Глава 10
Вернуться. Знать, что каждый его вздох, каждая слеза отчаяния, каждый немой крик в подушку – это данные. Цифры в каком-то архиве. Его священное, выстраданное одиночество осквернено, превращено в спектакль для бездушных зрителей. Он представил, как будет смотреть на свою избушку, на лес, на снег – и везде видеть невидимые глаза, сенсоры, камеры. Его личный ад станет клеткой в зоопарке. Он будет знать, что за стеной есть жизнь, но эта жизнь наблюдает за его агонией с холодным, научным интересом. Это было хуже, чем просто быть одним. Это быть экспонатом.
Остаться. Получить назад свое имя. Свое прошлое. Узнать, кто он, откуда, почему оказался здесь. Обрести целостность. Но ценой чего? Ценой растворения в этом Коллективе. Стать одним из этих безликих существ в серых комбинезонах, с гладкими масками вместо лиц. Потерять все, что он чувствовал все эти годы – боль, тоску, отчаяние, эту дикую, животную жажду увидеть другого человека. Именно эти чувства, какими бы мучительными они ни были, и делали его собой. Они были доказательством того, что он жив. Что он – человек.
– А есть ли третий вариант? – тихо спросил Егор, не поднимая головы. – Умереть?
Аркадий обернулся. На его лице не было удивления.
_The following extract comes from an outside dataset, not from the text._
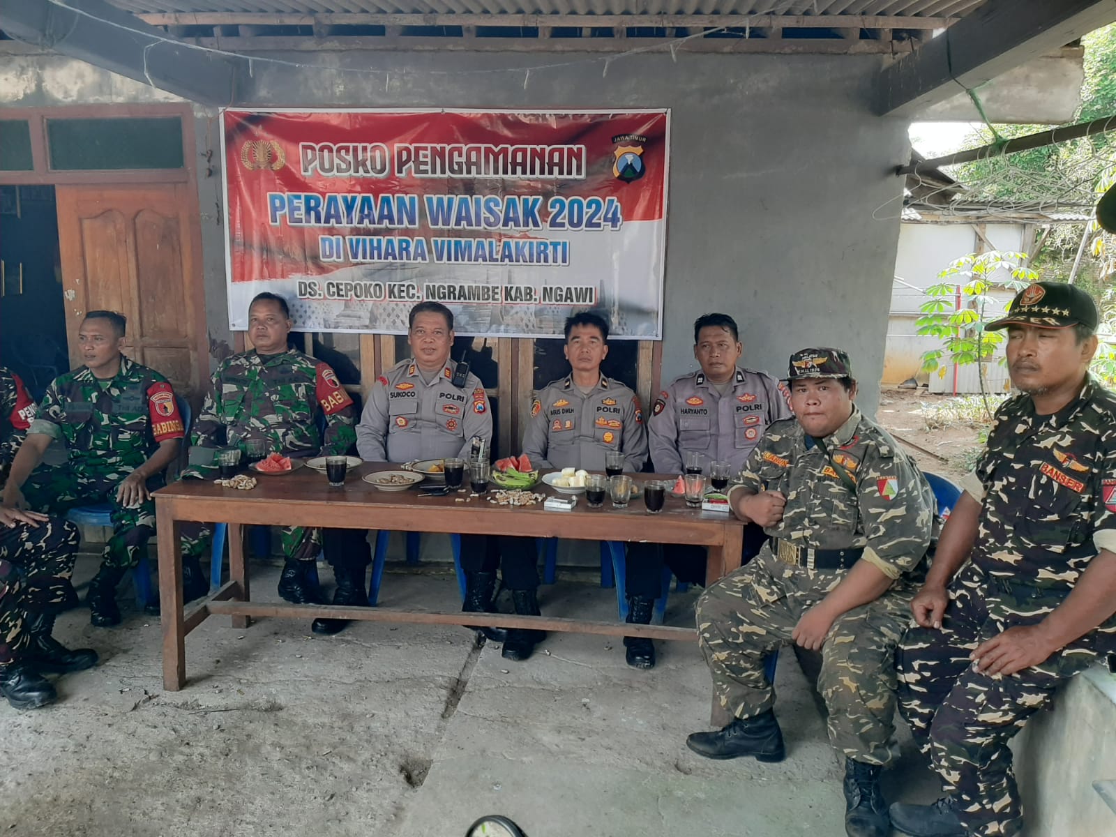 NGAWI,BUSERJATIM.COM GROUP- Polsek Ngawi Polres Ngawi bersama TNI melaksanakan pengamanan masyarakat yang merayakan kegiatan Ibadah Tri Suci Waisak 2568 BE Th. 2024 di Vihara Vimalakirti, tepatnya masuk Dsn. Berjing Ds. Cepoko Kec. Ngrambe, pada Kamis (23/5/2024)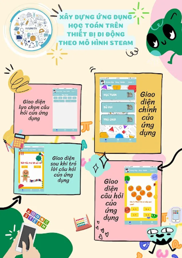 “Ứng dụng học toán trên thiết bị di động theo mô hình STEAM” là một ứng dụng học toán mới mẻ tuy nhiên đem lại nhiều lợi ích cho các em học sinh. Giúp các em có thể ghi nhớ lý thuyết và bài tập trên lớp. Tăng khả năng vận dụng thực hành hiệu quả, khả năng tư duy logic, cùng nhiều các kỹ năng khác nhau.

– Самоуничтожение также является частью спектра реакций на длительную изоляцию, – произнес он тем же бесстрастным тоном. – Мы его изучали на других субъектах. Но в твоем случае это был бы... неинтересный финал. Предсказуемый. Ты проявил невероятную жизнестойкость. Ты боролся до конца. Твое желание найти Другого оказалось сильнее инстинкта самосохранения. Уничтожить такой уникальный экземпляр... расточительно.
– Значит, я даже умереть по-своему не могу? – горькая усмешка вырвалась у Егора. – И это не будет моим решением? А всего лишь... «неинтересным финалом»?
– Смерть всегда является решением, – парировал Аркадий. – Но ее последствия выходят за рамки твоего индивидуального выбора. Ты – носитель уникального опыта. Опыта истинного, не модифицированного одиночества. Уничтожить его – все равно что сжечь библиотеку.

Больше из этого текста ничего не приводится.